First: I am no IPv6 expert. ULA addresses are different from LL. LL addresses can not be routed. It seems as if the kernel assigns LL addresses, not ULA: inet6 Adresse: fe80::20d:60ff:fe2e:ffba/64 LL-Prefix: fe80 ULA-Prefix: fc00, fd00 I thought it would solve the following problem (which is unpractical and weird for newbies): You need to specify a interface if you use ping6. # ping6 -I eth0 ahost.local or # ping6 ahost.local%eth0 But as I tried, even using ULA do not solve this :-/ Anyway: Is this behavior seen as a problem by others?

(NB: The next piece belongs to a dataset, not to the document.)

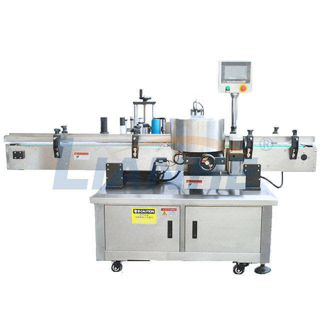 Trabalhos do núcleo: o produto do corpo da garrafa separado, o sensor detecta o produto passa o sinal retornado ao sistema de controlo de rotulagem, o sistema de controlo no lugar para controlar o motor envia a etiqueta afixada ao assunto do produto à rotulagem e a posição, fluxo de produto a tampa da unidade padrão, coberta com rotação padrão os produtos conduzidos, a etiqueta é revestimento do rolo, uma etiqueta unida à ação é terminada.

So, I asked some people on irc://irc.freenode.net/#ipv6 and the recommendation for IPv6 addresses comparable to IPv4 private networks was to use ULAs as mentioned above. An easy way to reproduce the current problem: 1. Install Fedora 12 2. Make sure IPv6 is activated for eth0 3. sudo ifconfig eth0 ... inet6 addr: fe80::217:f2ee:ae32:3d8/64 Scope:Link ... 4. Get a second computer and do steps 1-3, you should have a different part behind ::, but the same prefix: fe80 (link-local) 5. On both computers try to ping6 each other. This should not work, you will get the error: # ping6 IPV6-OF-OTHER-HOST connect: Network is unreachable To prevent this error use: # ping6 IPV6-OF-OTHER-HOST%eth0 connect: Network is unreachable This is ... not very handy, to specify an interface when trying to reach a computer on the lan. The solution, use ULAs: 1. The above steps 1-4 2. Remove the link-local address on both computers: # ifconfig eth0 del fe80::REST-OF-IP/64 3. Add the ULA address on both computers: # ifconfig eth0 add fd00::REST-OF-IP/64 4. ping6 each other. The ping should work.

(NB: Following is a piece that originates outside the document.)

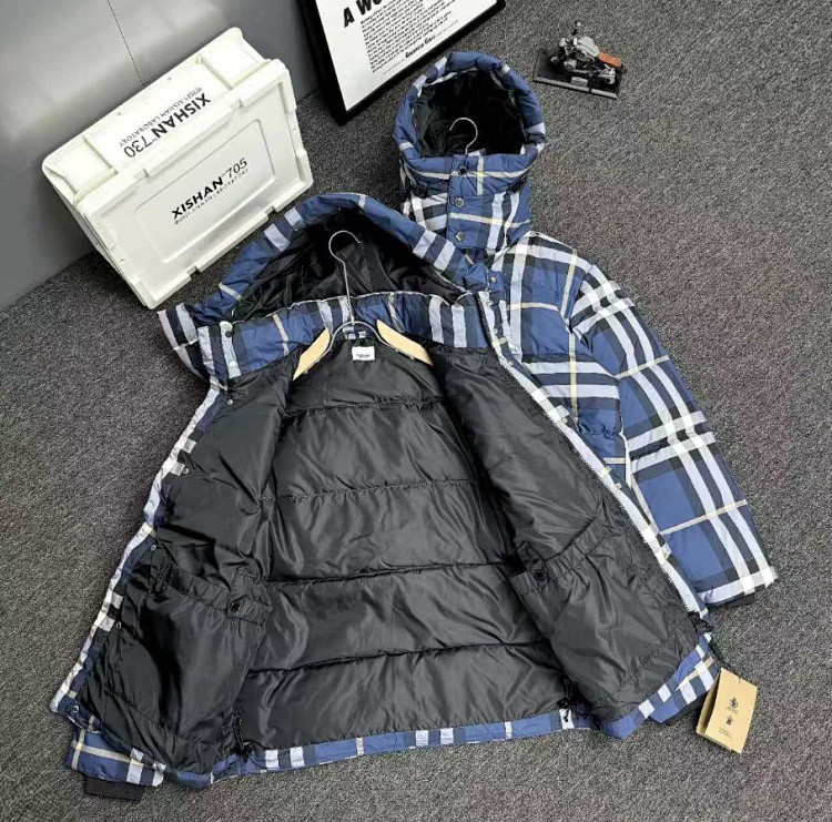 Burberry Jacket Detachable Hood Night Plaid Down Jacket-4329

Created attachment 158505 [details] ULA by example - Problem and solution
I knew about Site-Local, hadn't realized they'd gotten renamed a while back to ULA. So yeah, there's LL (only for your local link/ethernet loop/whatever) and then site-local which can be routed, just not into the actual internet. Link-local and site-local should be available all the time if desired, while routable address methods are mutually exclusive. So that probably means some checkboxes on the IPv6 page to separately enable LL and UL addresses, then the dropdown to select between [ Auto (RA + DHCP), DHCP Only, Local only, Shared ].

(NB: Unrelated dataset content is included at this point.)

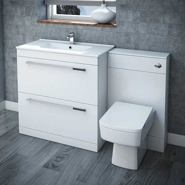 Cutting edge style meets practicality with the Nova Vanity Bathroom Suite. This modern bathroom suite has a squared profile with a gloss white finish to complement a contemporary space. The toilet projects 520mm from the back to wall unit, which conceals a clever dual flush cistern – ideal for lowering your water consumption and saving money when you use the half flush mechanism regularly. This vanity unit bathroom suite also has soft closing drawers and a handy drop down door, which maintain bathroom tranquillity by reducing slamming and providing a pragmatic storage solution to keep surfaces free from clutter.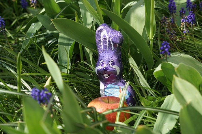 vergeht kein Osterfest, an dem ich nicht an diesen einen Hasen denke. Überhaupt denke ich sehr oft daran, dass alles, was man zu sich nimmt, unwiderruflich gegessen wurde. Jede Kalorie, die ich zu mir nehme, würde sich nicht in meinem Gewicht widerspiegeln, hätte ich sie einfach nie gegessen. Hätte ich also dieses Schmunzelmonster nicht gegessen, hätte ich genau heute möglicherweise einen halbes Gramm weniger auf den Hüften. Und das gilt für jede noch so erdenkliche Mahlzeit. Eigentlich ist es schrecklich, denn hat man einmal damit angefangen, kommt man da einfach nicht mehr raus. Genauer betrachtet nimmt man sich mit diesen Gedanken natürlich jeden Genuss am Essen und ein großes Stück Lebensqualität. Es ändert jedoch nichts an der Tatsache an sich. Hin und wieder gelingt es mir, diese Sichtweise zu verdrängen und meinen Milka-Hasen oder Schokonikolaus oder was auch immer fast ganz ohne schlechtes Gewissen zu essen. Und manchmal traue ich mich sogar, es ein klitzekleines Bisschen zu genießen. Äpfel hingegen hasse ich immer noch wie die Pest.

Section "4.6 Use of Local IPv6 Addresses for Local Communication" of RFC 4193 states: """ Local IPv6 addresses, like global scope unicast addresses, are only assigned to nodes if their use has been enabled (via IPv6 address autoconfiguration [ADDAUTO], DHCPv6 [DHCP6], or manually). They are not created automatically in the way that IPv6 link-local addresses are and will not appear or be used unless they are purposely configured. """ So doesn't this mean, that why can not automatically (so at boot time) enable ULA, because it is not intended in such a way? A method named "manual - Site local (ULA)" might be a good way to present this method to the user. If this method is selected, an ULA get's added to the list of addresses. In the Auto and DHCP case, the correpsonding router would have assigned a ULA.
Right, ULAs won't be useful unless every host in the same administrative domain (site, org, whatever) uses the same ULA prefix. This can be coordinated manually, or via DHCPv6 or RA. In fact, I don't see why ULA needs to be treated specially by NM, because it is just another address that you can get either automatically or set manually. You can already add multiple IPv6 addresses manually in the Connection Editor and for the other cases I don't see why NM (or the kernel) wouldn't take a ULA that comes from DHCPv6 (or an RA) and install it as usual, although I haven't tested it.
Yes, Okay. In my eyes it is still not a user friendly setup, when having link-local addresses. But this might not be the problem of NM. I'm closing this.